### Activity
The listing below holds a line with "安格斯牛肉芝士漢堡配黑松露薯" and a line with "Chaque bloc renferme". Reproduce those two lines exactly, plus everything between them.

BEGIN Records

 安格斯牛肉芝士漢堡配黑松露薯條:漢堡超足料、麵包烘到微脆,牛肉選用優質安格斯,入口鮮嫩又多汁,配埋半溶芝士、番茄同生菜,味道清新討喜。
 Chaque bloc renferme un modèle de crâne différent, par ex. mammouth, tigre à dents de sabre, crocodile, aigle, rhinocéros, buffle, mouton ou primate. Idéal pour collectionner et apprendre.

END Records
BEGIN Records

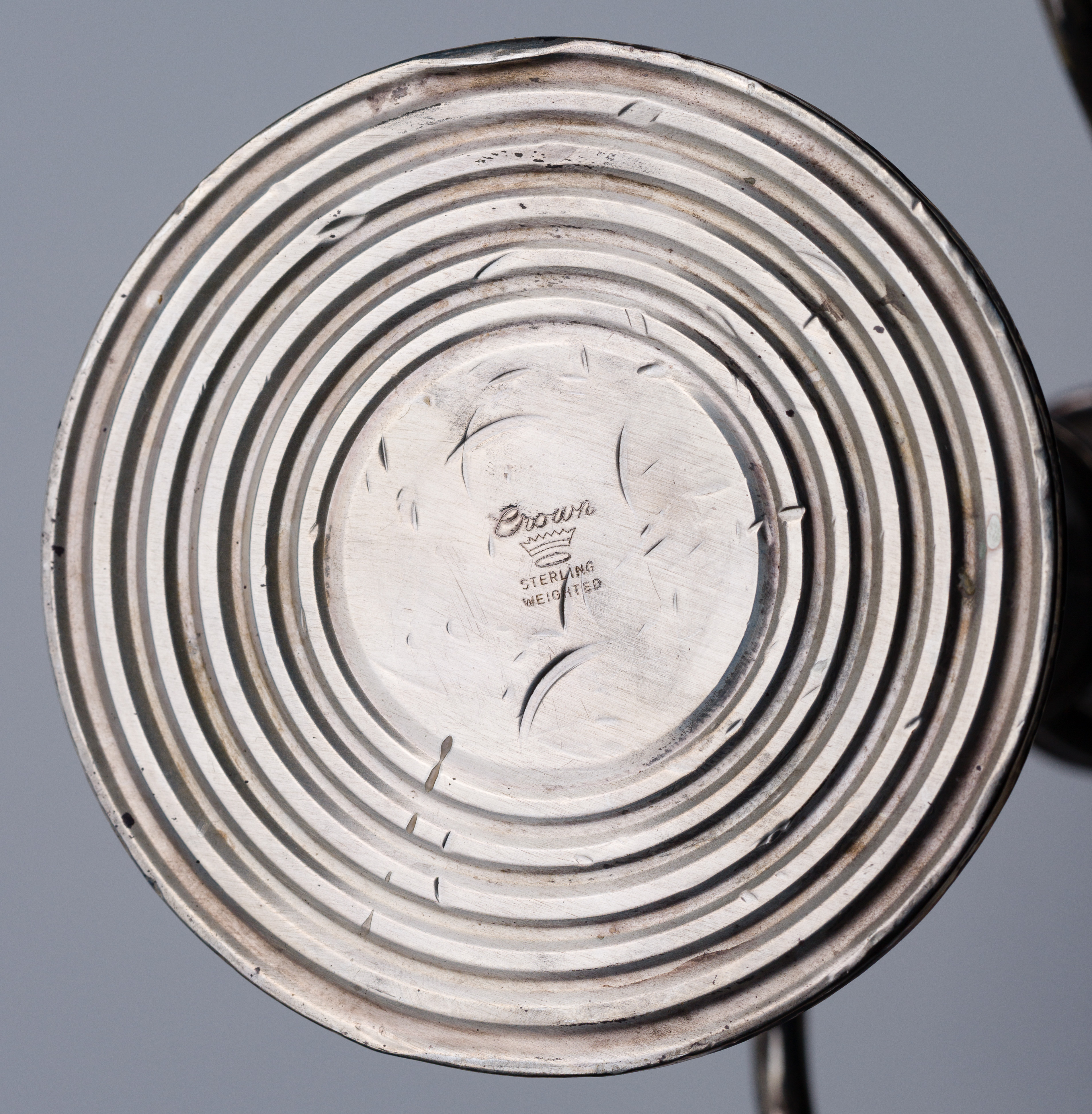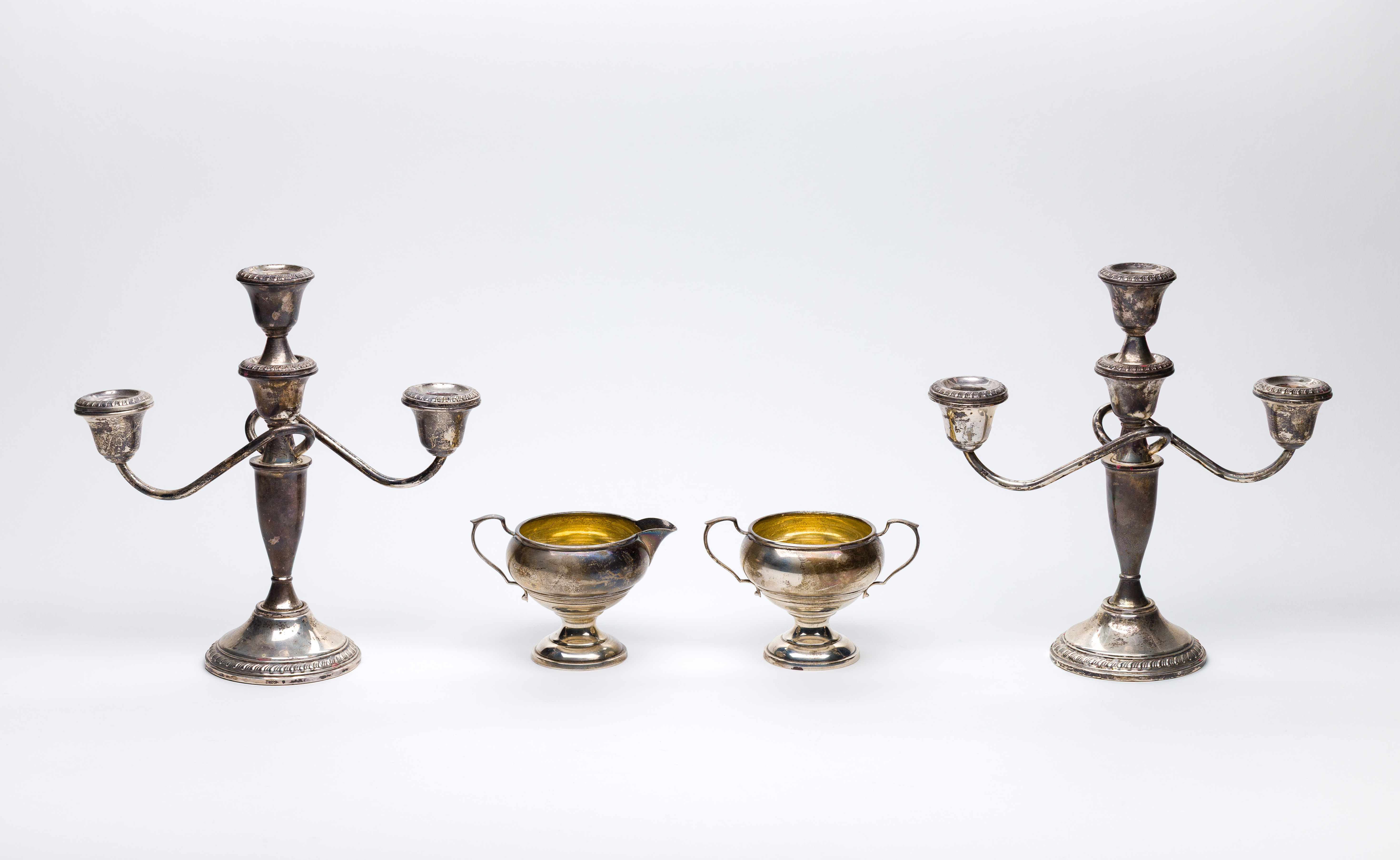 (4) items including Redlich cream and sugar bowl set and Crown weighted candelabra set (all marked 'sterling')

END Records

### Answer section
 安格斯牛肉芝士漢堡配黑松露薯條:漢堡超足料、麵包烘到微脆,牛肉選用優質安格斯,入口鮮嫩又多汁,配埋半溶芝士、番茄同生菜,味道清新討喜。
 Chaque bloc renferme un modèle de crâne différent, par ex. mammouth, tigre à dents de sabre, crocodile, aigle, rhinocéros, buffle, mouton ou primate. Idéal pour collectionner et apprendre.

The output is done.